• EXERCISE BRIEF:
Nothing but the lines from the start of the data through the line with "이렇게 구조체 변수에" should appear in the answer, each retyped exactly, and pictures should not.

• INFORMATION SHOWN:
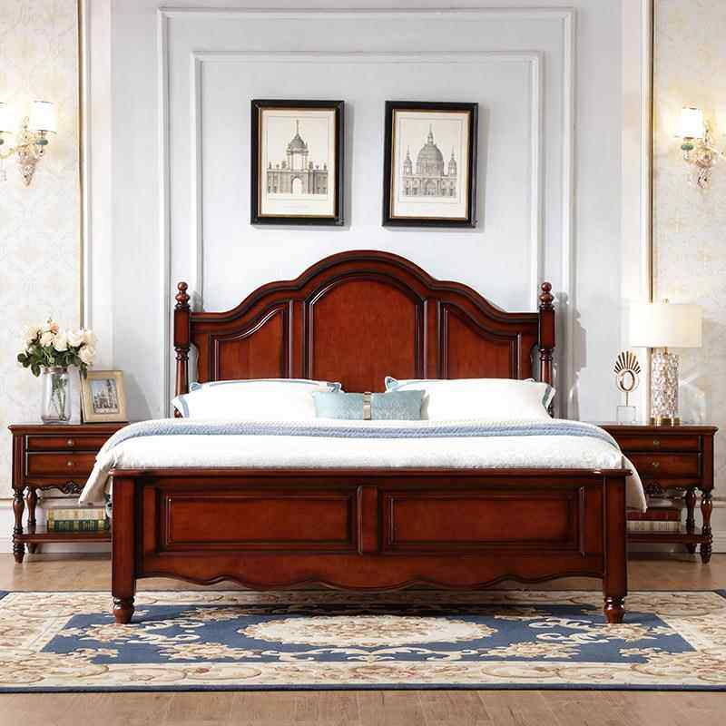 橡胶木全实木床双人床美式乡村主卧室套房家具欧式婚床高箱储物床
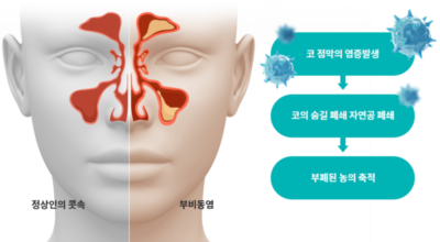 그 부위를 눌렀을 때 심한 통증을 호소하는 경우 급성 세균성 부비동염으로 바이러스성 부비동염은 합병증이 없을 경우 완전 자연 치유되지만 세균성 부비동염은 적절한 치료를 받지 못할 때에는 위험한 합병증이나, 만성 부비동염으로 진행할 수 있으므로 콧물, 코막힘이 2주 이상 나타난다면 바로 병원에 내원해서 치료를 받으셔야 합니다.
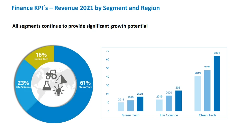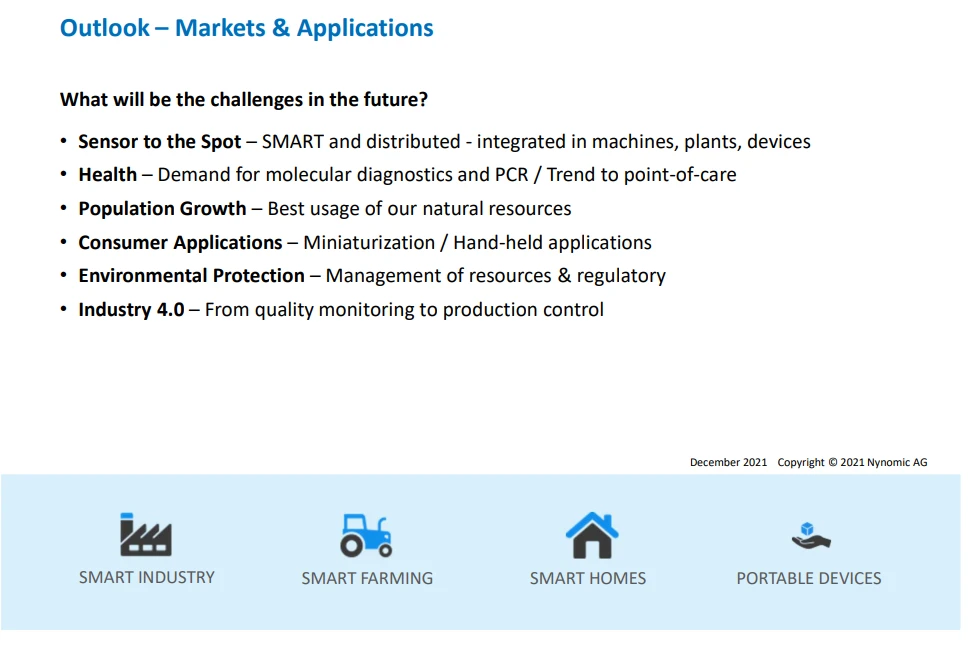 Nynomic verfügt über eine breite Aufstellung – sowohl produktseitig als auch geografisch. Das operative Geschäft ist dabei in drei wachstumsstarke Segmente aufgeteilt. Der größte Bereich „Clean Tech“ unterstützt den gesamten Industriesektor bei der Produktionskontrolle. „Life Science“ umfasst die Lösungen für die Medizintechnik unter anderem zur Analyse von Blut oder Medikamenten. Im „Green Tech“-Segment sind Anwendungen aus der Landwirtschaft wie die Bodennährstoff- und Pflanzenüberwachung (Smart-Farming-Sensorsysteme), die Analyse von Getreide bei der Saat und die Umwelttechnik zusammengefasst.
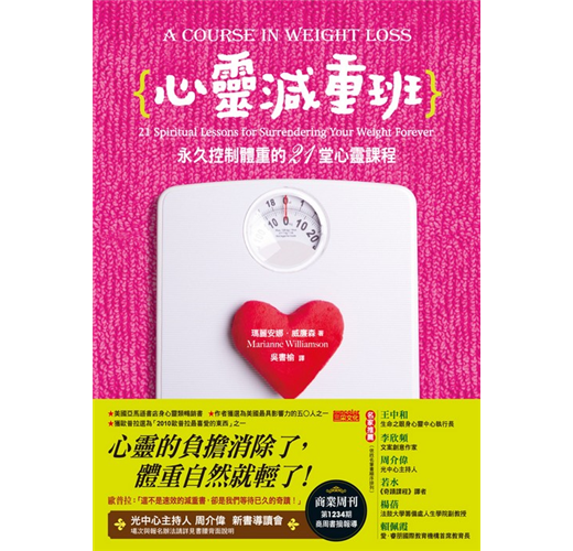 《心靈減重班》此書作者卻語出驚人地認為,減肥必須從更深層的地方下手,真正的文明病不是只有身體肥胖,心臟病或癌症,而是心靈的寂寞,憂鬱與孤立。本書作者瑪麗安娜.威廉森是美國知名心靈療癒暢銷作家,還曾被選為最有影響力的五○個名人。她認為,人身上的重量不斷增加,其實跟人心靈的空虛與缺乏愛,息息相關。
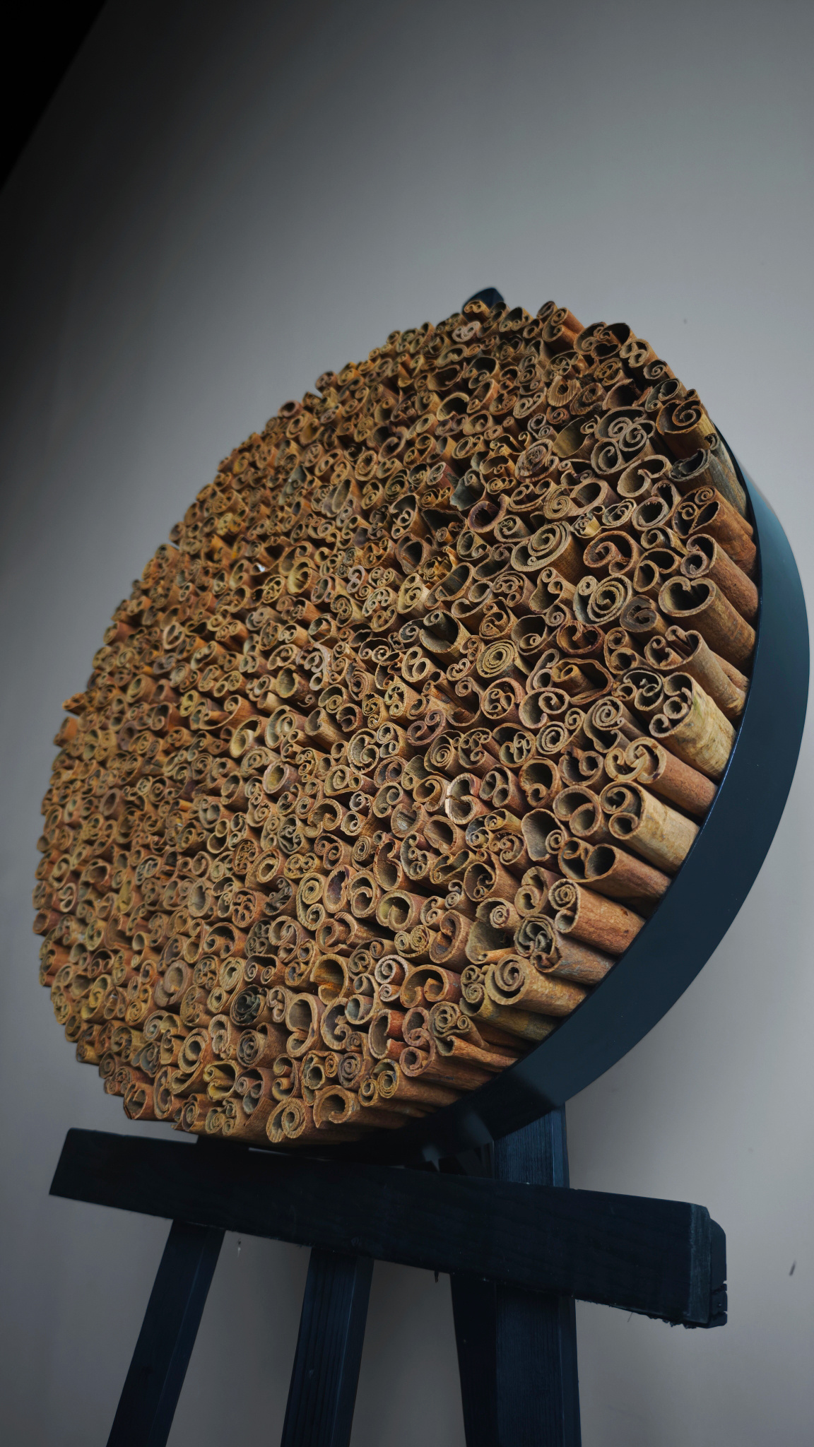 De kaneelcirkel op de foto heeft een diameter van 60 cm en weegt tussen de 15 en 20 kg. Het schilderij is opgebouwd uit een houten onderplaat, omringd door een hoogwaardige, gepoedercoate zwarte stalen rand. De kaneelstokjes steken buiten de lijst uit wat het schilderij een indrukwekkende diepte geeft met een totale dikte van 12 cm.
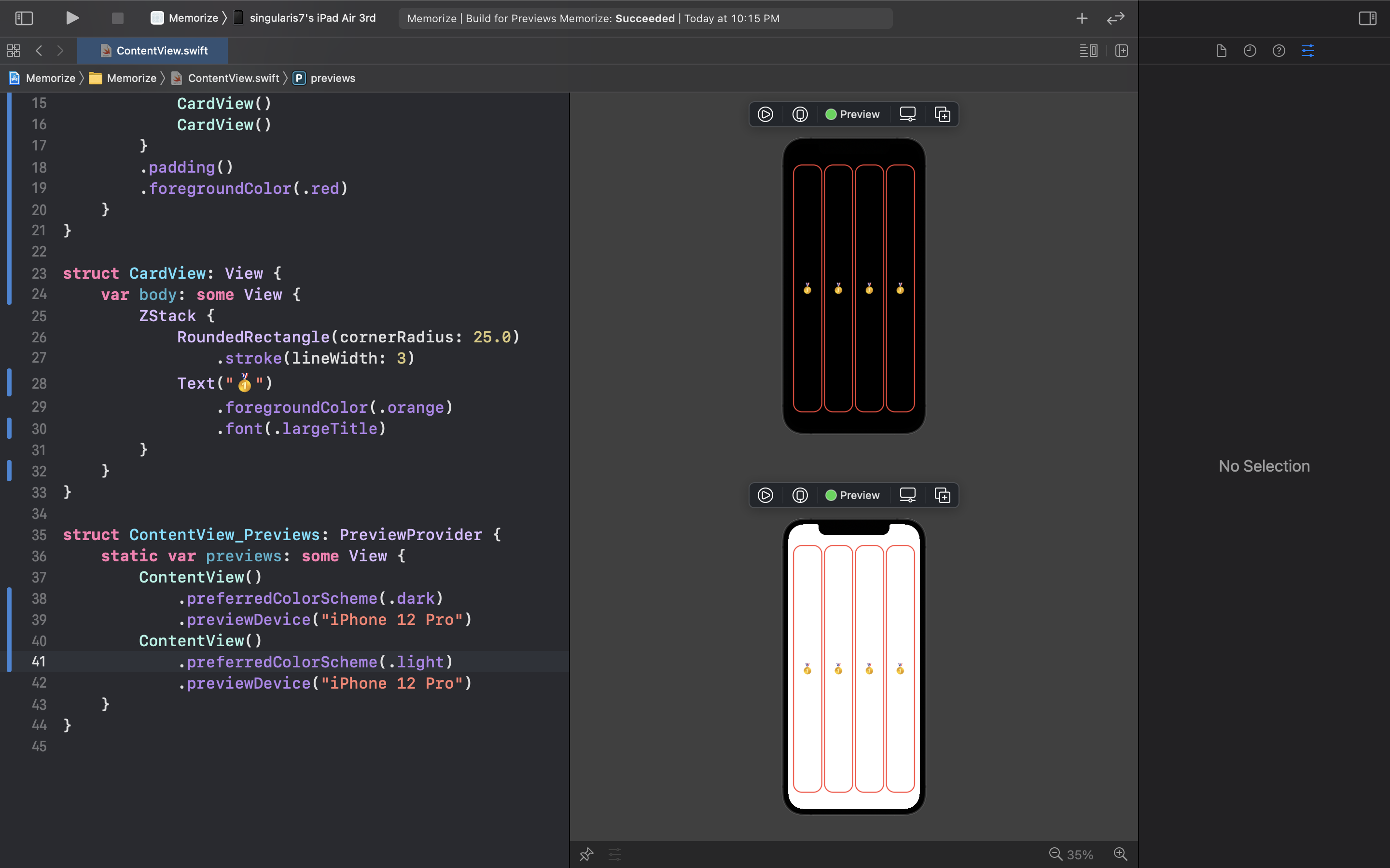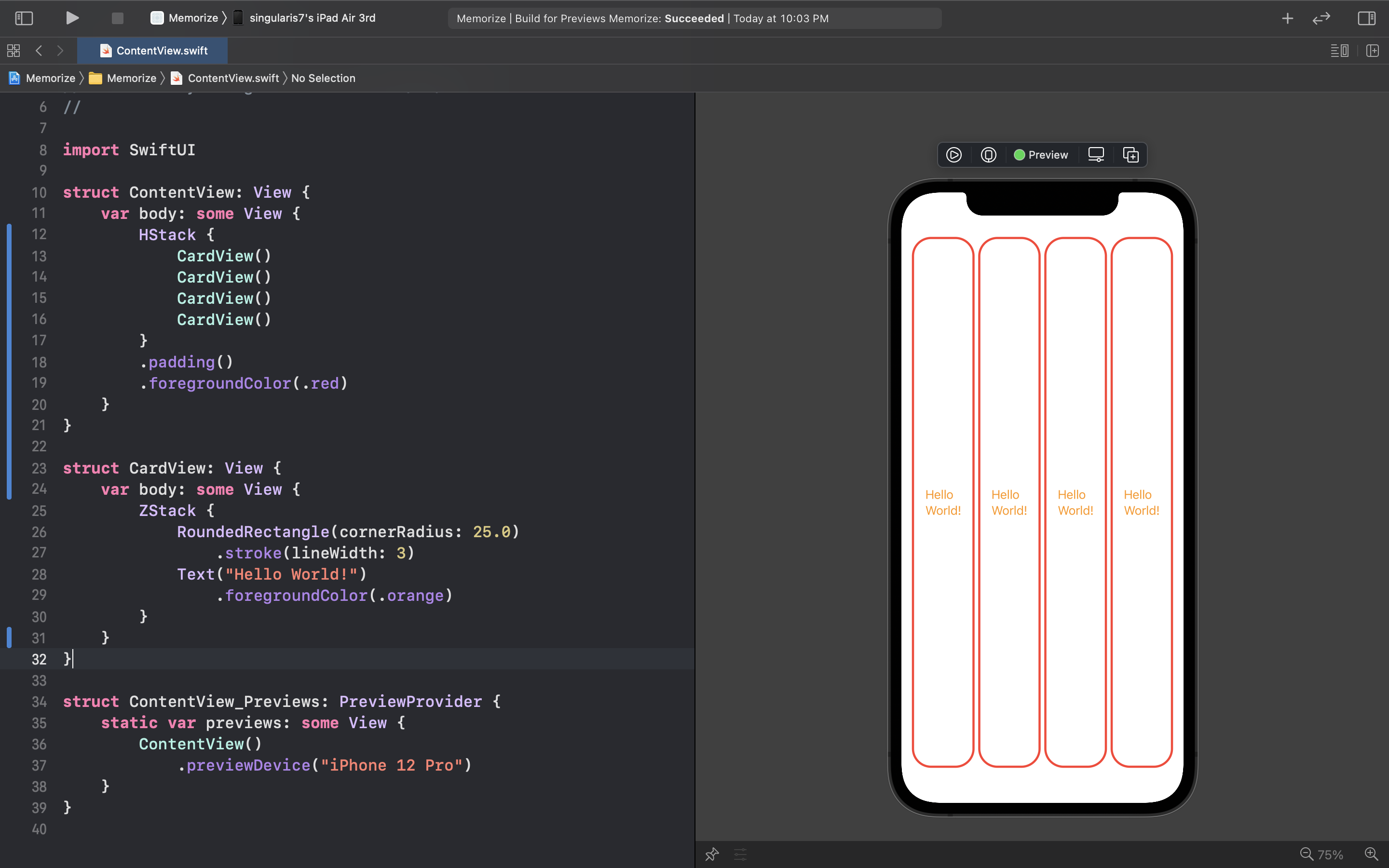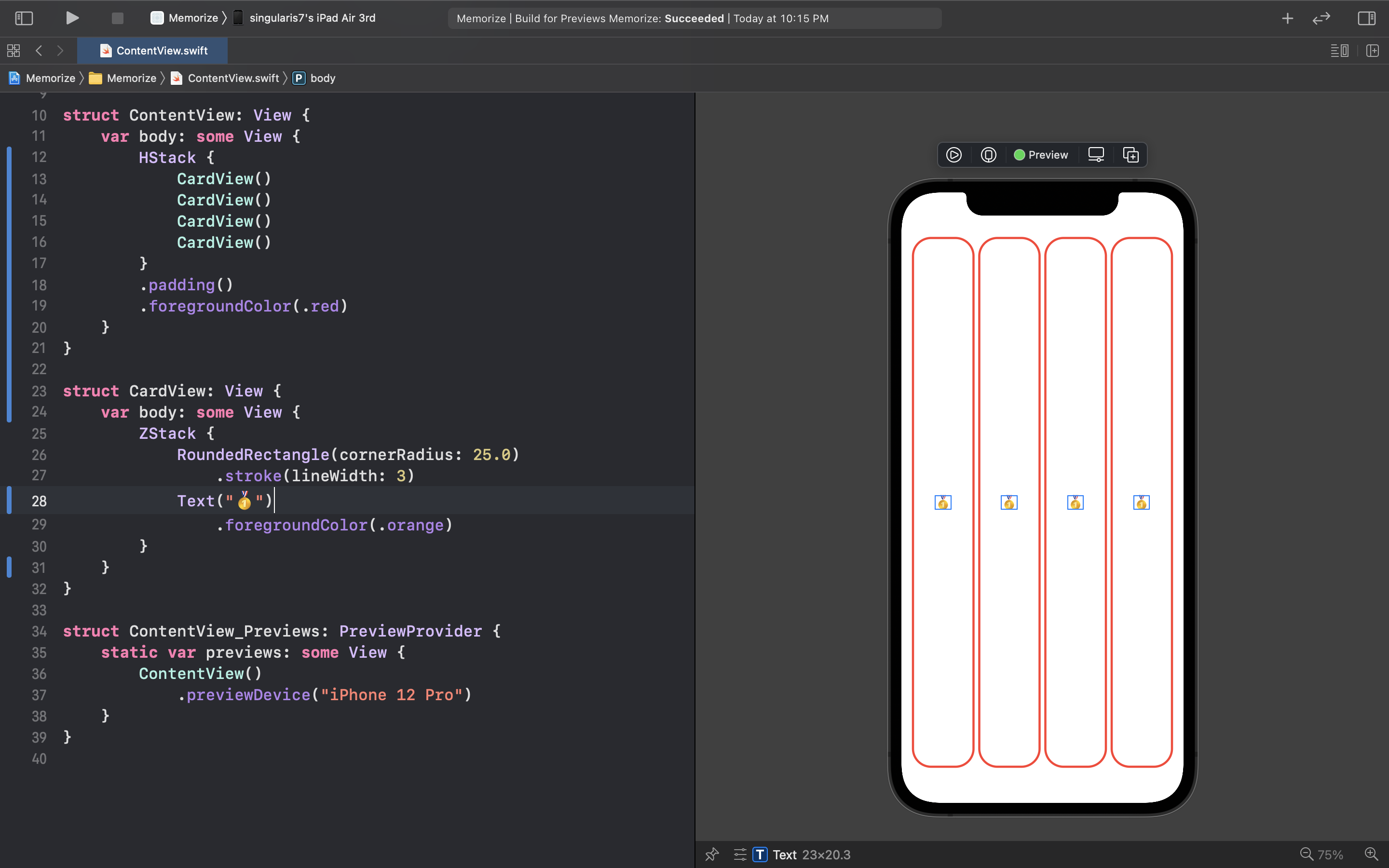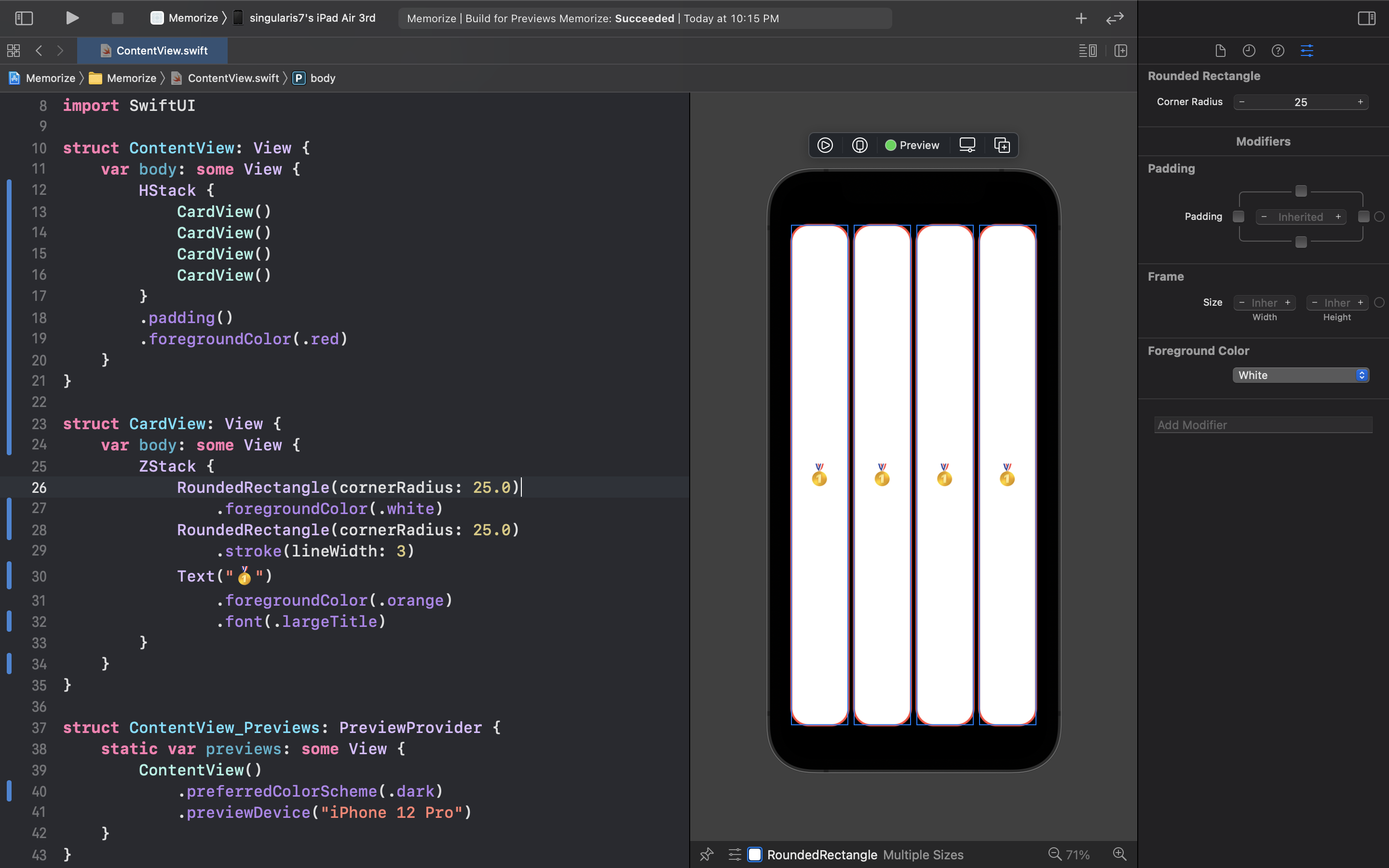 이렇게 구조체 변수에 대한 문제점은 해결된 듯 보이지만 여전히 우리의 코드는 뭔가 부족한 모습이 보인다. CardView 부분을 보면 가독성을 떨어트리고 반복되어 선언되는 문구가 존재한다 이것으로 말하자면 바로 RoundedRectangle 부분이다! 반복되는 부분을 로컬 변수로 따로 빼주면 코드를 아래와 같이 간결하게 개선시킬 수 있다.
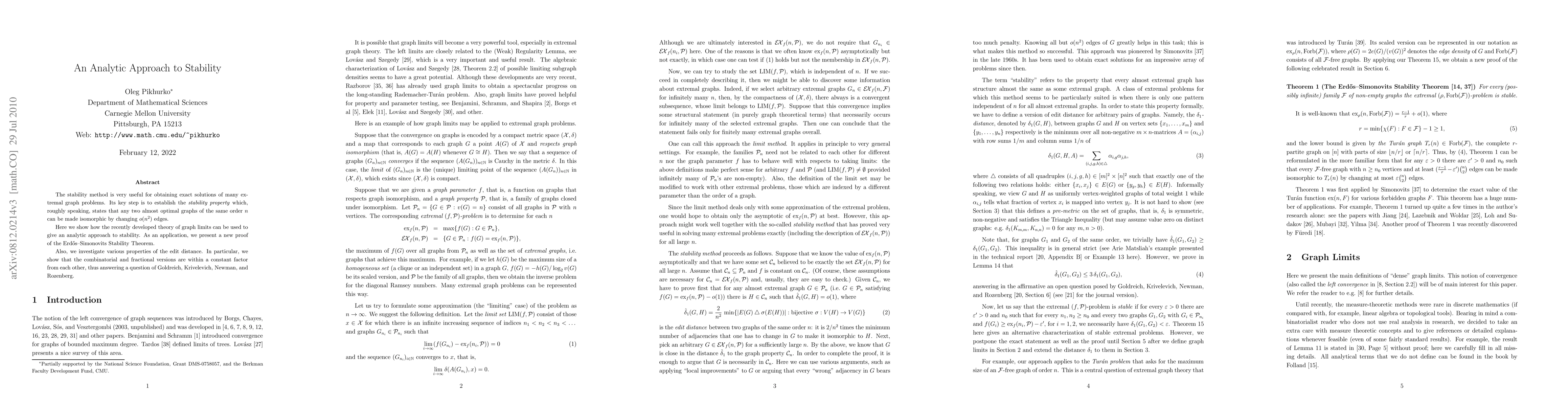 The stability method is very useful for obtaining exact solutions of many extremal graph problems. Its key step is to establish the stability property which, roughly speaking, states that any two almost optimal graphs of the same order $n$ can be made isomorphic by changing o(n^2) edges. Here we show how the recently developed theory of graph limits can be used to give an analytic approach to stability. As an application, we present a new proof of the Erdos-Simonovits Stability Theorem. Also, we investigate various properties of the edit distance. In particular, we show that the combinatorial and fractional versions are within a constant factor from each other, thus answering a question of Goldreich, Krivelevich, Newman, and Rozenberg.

• ANSWER SECTION:
 橡胶木全实木床双人床美式乡村主卧室套房家具欧式婚床高箱储物床
 그 부위를 눌렀을 때 심한 통증을 호소하는 경우 급성 세균성 부비동염으로 바이러스성 부비동염은 합병증이 없을 경우 완전 자연 치유되지만 세균성 부비동염은 적절한 치료를 받지 못할 때에는 위험한 합병증이나, 만성 부비동염으로 진행할 수 있으므로 콧물, 코막힘이 2주 이상 나타난다면 바로 병원에 내원해서 치료를 받으셔야 합니다.
 Nynomic verfügt über eine breite Aufstellung – sowohl produktseitig als auch geografisch. Das operative Geschäft ist dabei in drei wachstumsstarke Segmente aufgeteilt. Der größte Bereich „Clean Tech“ unterstützt den gesamten Industriesektor bei der Produktionskontrolle. „Life Science“ umfasst die Lösungen für die Medizintechnik unter anderem zur Analyse von Blut oder Medikamenten. Im „Green Tech“-Segment sind Anwendungen aus der Landwirtschaft wie die Bodennährstoff- und Pflanzenüberwachung (Smart-Farming-Sensorsysteme), die Analyse von Getreide bei der Saat und die Umwelttechnik zusammengefasst.
 《心靈減重班》此書作者卻語出驚人地認為,減肥必須從更深層的地方下手,真正的文明病不是只有身體肥胖,心臟病或癌症,而是心靈的寂寞,憂鬱與孤立。本書作者瑪麗安娜.威廉森是美國知名心靈療癒暢銷作家,還曾被選為最有影響力的五○個名人。她認為,人身上的重量不斷增加,其實跟人心靈的空虛與缺乏愛,息息相關。
 De kaneelcirkel op de foto heeft een diameter van 60 cm en weegt tussen de 15 en 20 kg. Het schilderij is opgebouwd uit een houten onderplaat, omringd door een hoogwaardige, gepoedercoate zwarte stalen rand. De kaneelstokjes steken buiten de lijst uit wat het schilderij een indrukwekkende diepte geeft met een totale dikte van 12 cm.
 이렇게 구조체 변수에 대한 문제점은 해결된 듯 보이지만 여전히 우리의 코드는 뭔가 부족한 모습이 보인다. CardView 부분을 보면 가독성을 떨어트리고 반복되어 선언되는 문구가 존재한다 이것으로 말하자면 바로 RoundedRectangle 부분이다! 반복되는 부분을 로컬 변수로 따로 빼주면 코드를 아래와 같이 간결하게 개선시킬 수 있다.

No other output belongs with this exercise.